Related
- Website: www.kcrw.com/culture/shows/lost-notes

= Lost Notes =

Music podcast by KCRW

Lost Notes is a music podcast that was hosted by Jessica Hopper and later hosted by Hanif Abdurraqib and produced by KCRW.

== Background ==
The first two seasons of the podcast were hosted by Jessica Hopper. The second season dedicates three episodes to lost music. The season two finale discusses gun violence at concerts. The third season of the podcast, Lost Notes 1980, discusses musicians The Sugarhill Gang, Grace Jones, Miriam Makeba, and Hugh Masekela.
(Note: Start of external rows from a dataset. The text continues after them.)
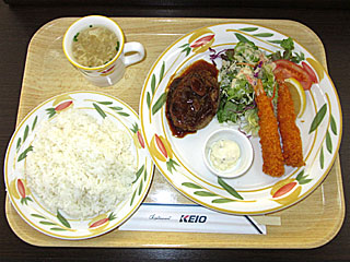 その後、朝メシ。 フジビュースタンド5Fの 「ブラッスリーろんたん」へ。 「 ハンバーグと海老フライ」を注文。 ハンバーグも、エビフライも、普通においしくいただきました。 |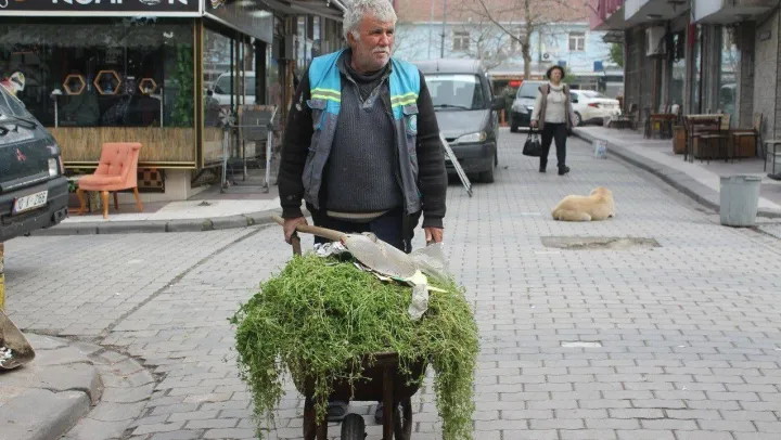 Balıkesir'in Manyas ilçesinde emekli temizlik işçisi fahri olarak ilçeyi tertemiz yapıyor.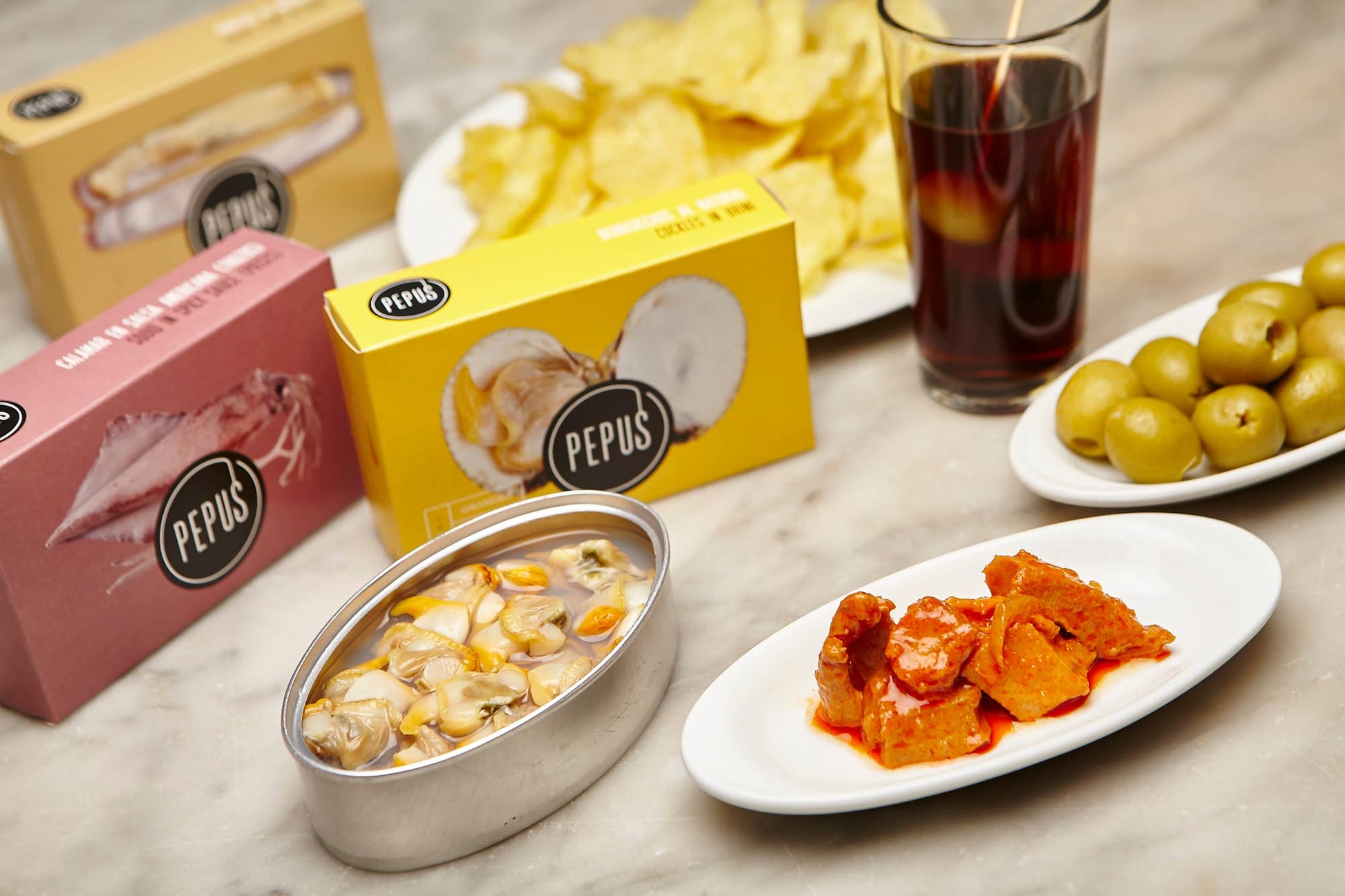 Denna delikata blĂ€ckfisk frĂ„n Pepus tillagas med rĂ„varor av högsta kvalitet och serveras i en mild, sĂ„s med lĂ€tt kryddig touch. BlĂ€ckfisken hackas och kokas varsamt innan den blandas med sĂ„sen som lyfter fram havssmaken och ger ett smaksatt tillskott. Resultatet blir en elegant tapasdelikatess!Â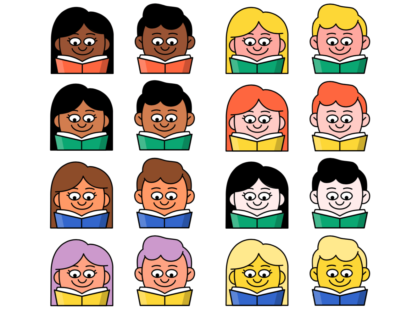 Working on a small scale, Dan used his trademark, retro style to create a variety of different emojis for people to use to express reading. These fun, character-filled emojis capture the ups & downs of a good read while also showing a mix of reading characters in different skin tones.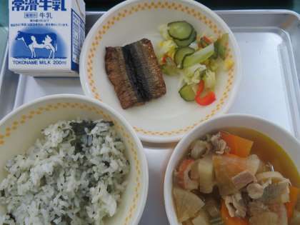 今日の献立は,わかめご飯,サンマみりん焼き,白菜のサワー和え,豚肉と大根の煮物,牛乳でした。今日も美味しくいただきました。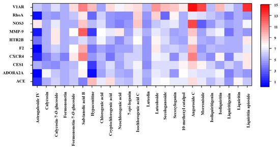 Heatmap of molecular docking results for 24 components with 10 core targets.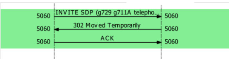 Questo tipo di deviazione consente di effettuare deviazione della chiamata rispondendo appunto con un pacchetto 302 Moved Temporarily, contenente header Contact che contiene il destinatario della deviazione, ad un Invite fatto dal provider per instradare una chiamata.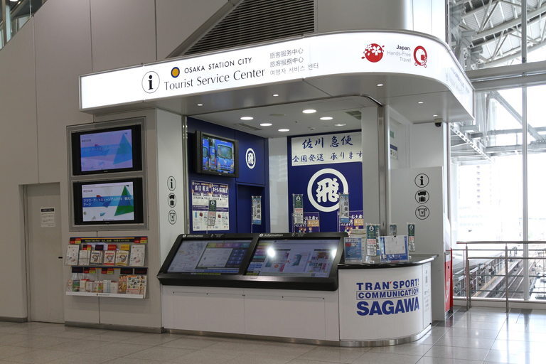 JR 오사카 센터 3층, 남쪽과 북쪽을 연결하는 다리의 남쪽 구역에 관광 서비스 센터가 있습니다. 연결 다리의 개찰구를 나와 직진하면 오른쪽에 있습니다.

There are seven episodes in the third season of Lost Notes. Season three was hosted by Hanif Abdurraqib.

== Reception ==
Nicholas Quah wrote in Vulture that the podcast is an "excellent music-documentary" that is "genuinely beautiful". Sarah Larson wrote in The New Yorker that the podcast is "bursting with melody and insight". Emma Carey wrote in Esquire that the podcast is a "thoughtful meditation". Steve Greene wrote in IndieWire that the podcast is "profound" and is "a tribute to the idea that music is something made to be rediscovered". Peter Larsen wrote in The Orange County Register that the podcast digs "deep into history and meaning with strong standalone narratives". The show won the Directors' Choice Award at the 2021 Third Coast International Audio Festival.